Single by Ai Otsuka

from the album Love Punch
- Released: December 17, 2003
- Recorded: 2003
- Genre: J-pop
- Length: 21:57
- Label: Avex Trax
- Songwriter(s): Ai Otsuka

Ai Otsuka singles chronology
| "Momo no Hanabira" (2003) | "Sakuranbo" (2003) | "Amaenbo" (2004) |

= Sakuranbo =

2003 single by Ai Otsuka

"Sakuranbo" (さくらんぼ) is Ai Otsuka's second single, which was released on December 17, 2003. It is often considered as Otsuka's breakthrough single and was used in 2004 as an ending theme song on the TV show, "Mecha Mecha iketerū! (めちゃ2イケてるッ!)," which Fuji TV produces.

An excerpt of the song is used as the departure melody at Sakuranomiya station on the JR West Osaka Loop Line.

==Music video==
The video for "Sakuranbo" begins by showing Ai in "her" bedroom which is predominantly red and white. A picture hanging on the wall shows a picture of a pair of cherries. Then we see Ai playing with her band in another room, which starts out blue but changes colour later in the song. We see Ai talking on the phone and drawing Love-Chan. Interspersed throughout the PV are bicycle scenes showing Ai with a man her age, two children and an older couple. The video closes on the picture of the two cherries hanging on the wall.

==Track list==

CD
| No. | Title | Arranger(s) | Length |
|---|---|---|---|
| 1. | "Sakuranbo (さくらんぼ; Cherry)" | Ai×Ikoman, Brass instrument arrangement： Yoichiro Mizue | 3:56 |
| 2. | "Kaerimichi (帰り道; The Road Home)" | Ai×Ikoman, Mixed by Jin Terada | 5:03 |
| 3. | "Momo no Hanabira (桃ノ花ビラ; Peach Petals)" (Studio live ver.) | Ai×Ikoman, Mixed by Shuichi Watanabe | 3:59 |
| 4. | "Sakuranbo (さくらんぼ; Cherry)" (Instrumental) | Ai×Ikoman, Brass instrument arrangement： Yoichiro Mizue | 3:56 |
| 5. | "Kaerimichi (帰り道; The Road Home)" (Instrumental) | Ai×Ikoman | 5:03 |
| Total length: |  |  | 21:57 |

==Sales==
Initial week estimate: 6,730

Total estimate: 525,784

== Self-cover version ==

The song was later re-recorded by Otsuka as a self-cover entitled "Sakuranbo -Cocktail-" (さくらんぼーカクテルー, Sakuranbo Kakuteru), to commemorate the song’s tenth anniversary and Otsuka’s appearance on the YouTube music program Toyota Wish presents Hakuroku Uta Gassen on December 7, 2013.

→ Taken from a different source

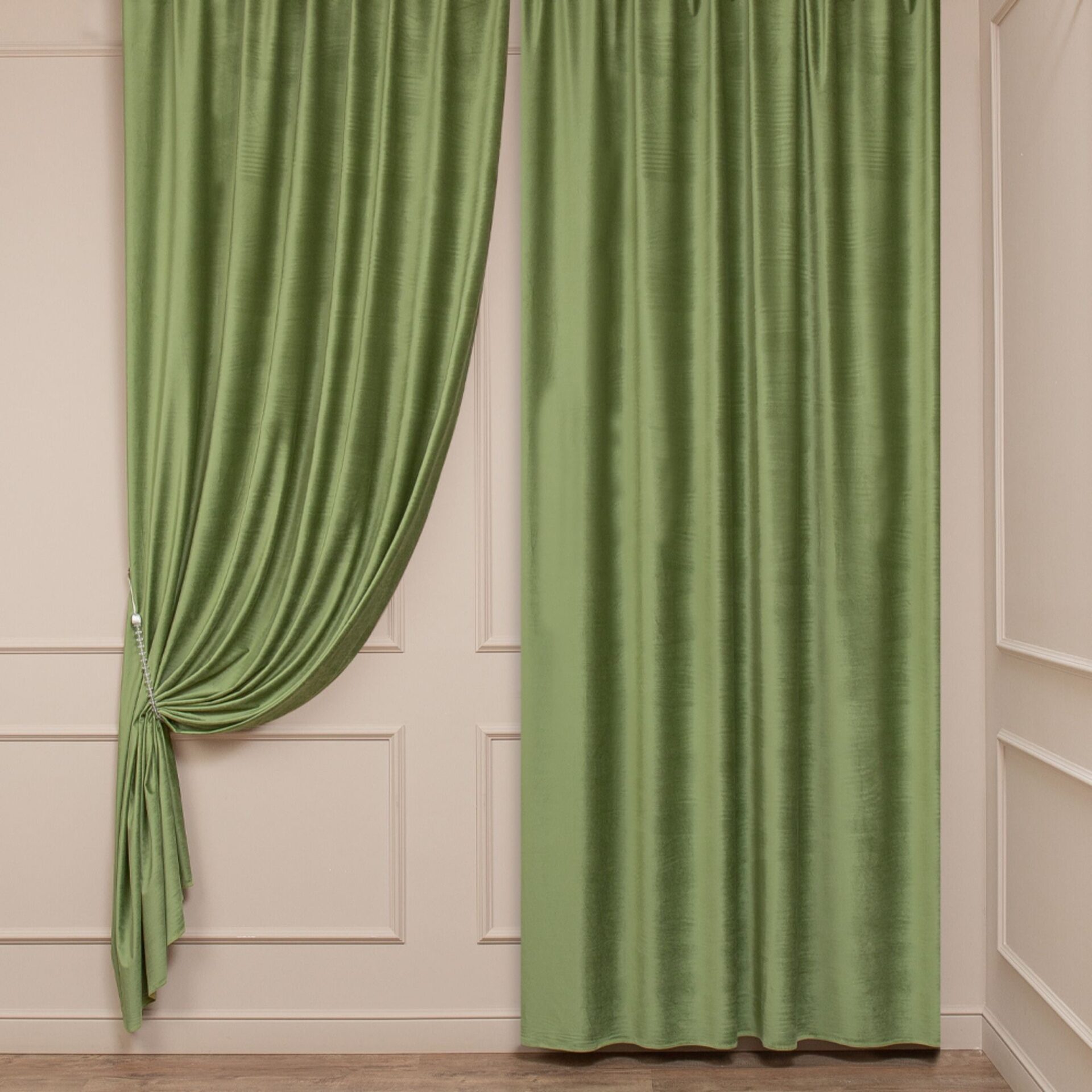 Портьера однотонная бархат Melange JL Bellissimo-26/300 PBarhat оливковый 300 см

This version was described as a mature, jazz-infused version of the original 2003 track, featuring a sultry, "sexy" arrangement in a sharp contrast to the original J-pop production. The digital cover was also redesigned, inspired by the original single’s artwork. The track was initially released exclusively on the iTunes Store on December 4, 2013, with additional distribution on other platforms starting December 25, 2013. The song was ultimately included as the lead track on Otsuka's EP Aio Punch, released on March 26, 2014.

To mark Otsuka's fifteenth anniversary in 2018, Avex released a "Sakuranbo" 7-inch vinyl record on February 14, 2019, featuring both the original track and "Sakuranbo -Cocktail-". This release was sold exclusively at HMV in Japan.

On July 24, 2024, a performance video of "Sakuranbo -Cocktail-" recorded in one take premiered on the YouTube channel The First Take as its 459th episode. The audio version of the performance was subsequently released on digital platforms on August 28, 2024.